What is expected: Could you retype the material, starting at its first line and ending with the line holding "- Возможность сверления", and keep the pictures out?

Data shown:
Start of Block
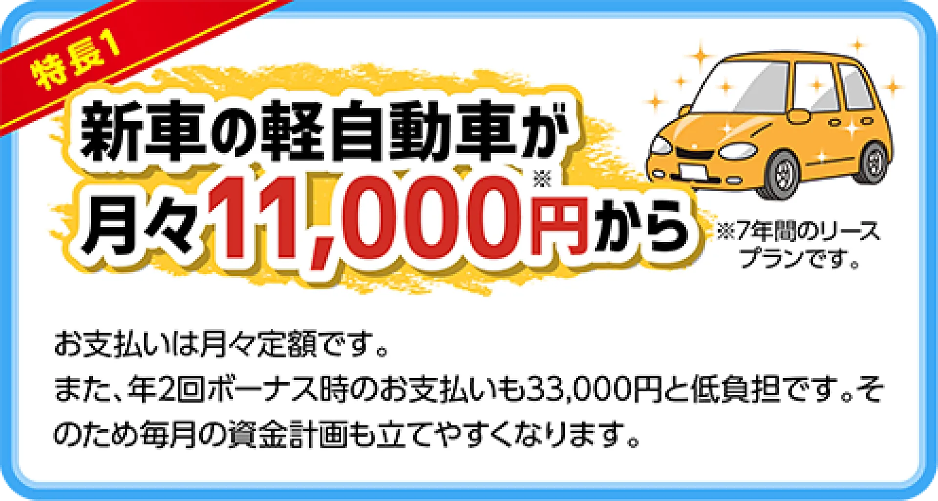 フラット7の最大の魅力は、月々1.1万円から新車に乗れる手軽さです。
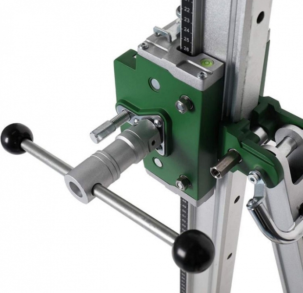 - Возможность сверления как со станины, так и "с рук": наличие кольца 60 мм для крепления на станину и пистолетной рукоятки с дополнительной регулируемой передней ручкой для сверления без штатива
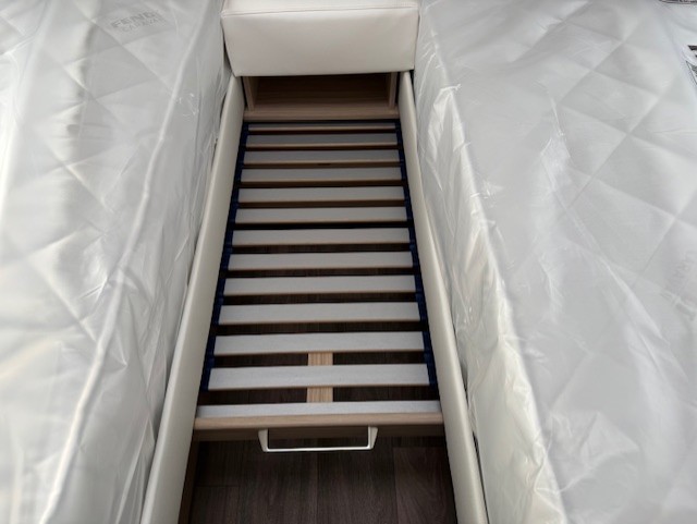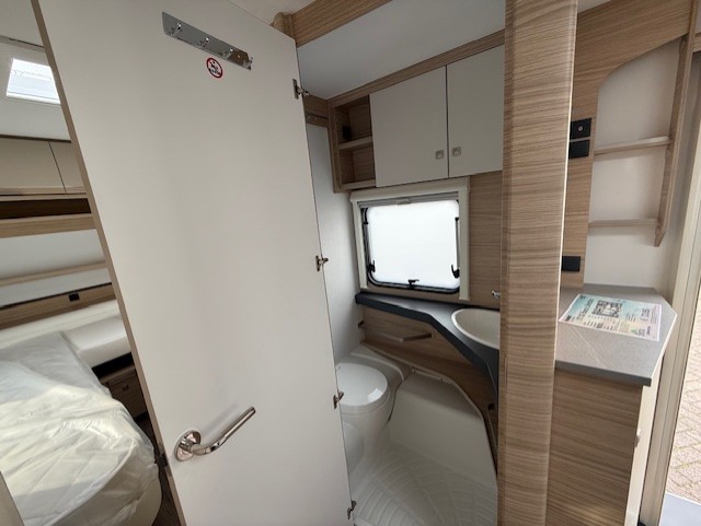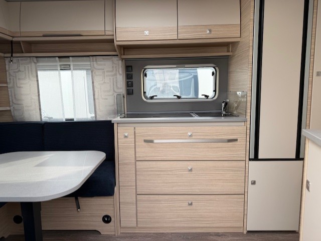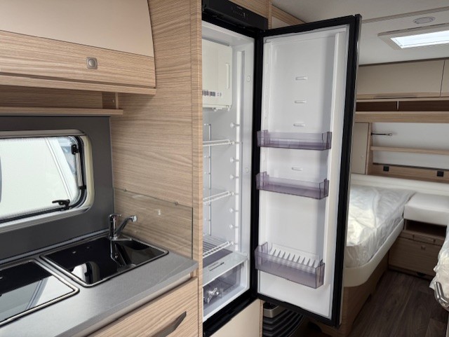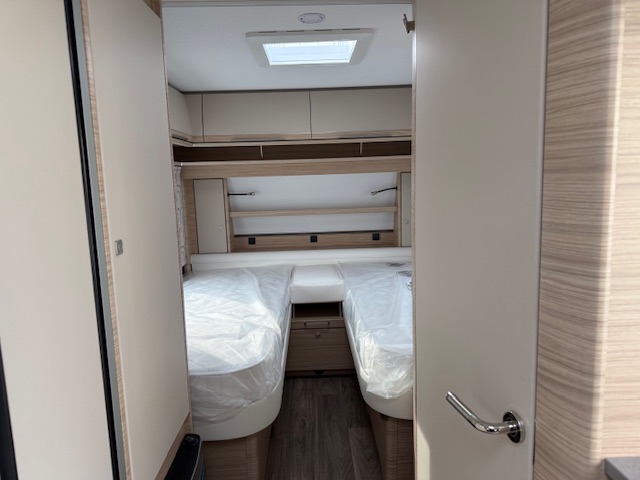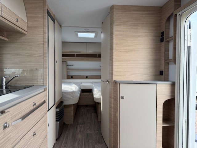 Centraal in de caravan is de goed uitgeruste keuken geplaatst, voorzien van een spoelbak , kookplaat, mengkraan en een royale hoge koelkast. De koelkast is zowel links als rechts te openen waardoor iedereen makkelijk bij de gekoelde etenswaren kan zonder elkaar in de weg te lopen. De warmwater voorziening loopt via de ingebouwde boiler. Door de praktische lades en de apothekerskast zijn uw spullen altijd eenvoudig bereikbaar.Deze lades zijn voorzien van een softclose en transportsluiting. Ook aan de bovenzijde in de keuken vindt u veel opbergruimte. De caravan is aan de voorzijde uitgerust met twee enkele bedden. Om u van een welverdiende nachtrust te laten genieten, hebben de bedden lattebodems met volledig flexibele veerbruggen met hardheidinstelling en zeven zone comfortschuim matrassen. Door de enkele bedden is de ruime hoeveelheid kasten, tel maar, boven de bedden makkelijk bereikbaar. Ook onder beide bedden is er bergruimte. De bergruimte onder het bed aan de voorzijde is ook bereikbaar via het grote serviceluik. Tevens is deze caravan voorzien van een bedverbreding, door middel van een uittrekbare lattebodem tovert u eenvoudig de twee enkele bedden om tot een kingsizebed. De toiletruimte met interne wasgelegenheid bevindt zich centraal in de caravan. Ook hier heeft Fendt waar mogelijk opbergruimte gecreeërd. Aan de overzijde van de toiletruimte vindt u de kledingkast. De caravan beschikt over talrijke lichtelementen die zorgen voor een unieke atmosfeer. De caravan is voorzien van een stabilisator koppeling, deze zorgt voor een stabiele wegligging. Het grote dakluik van de caravan zorgt voor extra veel lichtinval en een goede ventilatie. U zult in deze caravan, dankzij de ingebouwde hordeur, minder last van insecten hebben. Het luchtcirculatiesysteem zorgt daarbij voor een goede verdeling van de verwarmde lucht.Ook in de disselbak is bergruimte, de dissel zelf is afgedekt door een mooie afdekkap.De verzwaarde uitdraaisteunen zorgen voor extra stabiliteit. De lichtmetalen velgen maken dit plaatje compleet.
End of Block
The answer:
 フラット7の最大の魅力は、月々1.1万円から新車に乗れる手軽さです。
 - Возможность сверления как со станины, так и "с рук": наличие кольца 60 мм для крепления на станину и пистолетной рукоятки с дополнительной регулируемой передней ручкой для сверления без штатива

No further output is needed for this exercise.